Lines of the data that contain the word "Aistin" are the ones to copy.
##### DATASET CONTENT #####
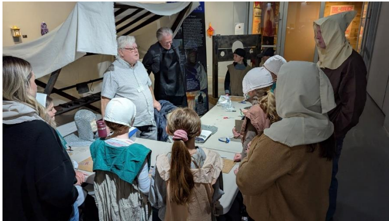
Students learning about the role of the blacksmith in Medieval Europe

On April 22, the 2025 Earth Week Digital Program “Our Power, Our Planet” , presented in partnership with Bruce Power, launched on the Museum’s Digital Education Centre. This program teaches about energy, renewable and non-renewable sources of energy, their effects on the climate, and sustainable practices through presentations prepared by guest experts. Each video is accompanied by a challenge/activity that students and families can try in the classroom or at home. Contributors include The Lake Huron Coastal Centre, The NII, and Grey Sauble Conservation. This year a Jeopardy-style digital game is also available to test your energy knowledge. Earth Week 2025 connects to the Conservation of Energy and Resources strand of Ontario’s Grade 5 Science and Technology curriculum.
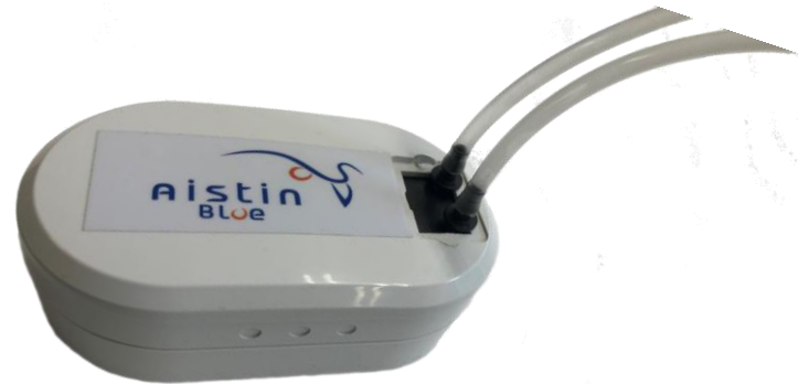
Aistin IoT Device is available with IP65 (picture above) is with plastic covers.

Server independent customizable Docker based modular Aistin Cloud Solution allows users to easily monitor and manage IoT devices via internet.
#####
- **OUTPUT BELOW**:
Aistin IoT Device is available with IP65 (picture above) is with plastic covers.
Server independent customizable Docker based modular Aistin Cloud Solution allows users to easily monitor and manage IoT devices via internet.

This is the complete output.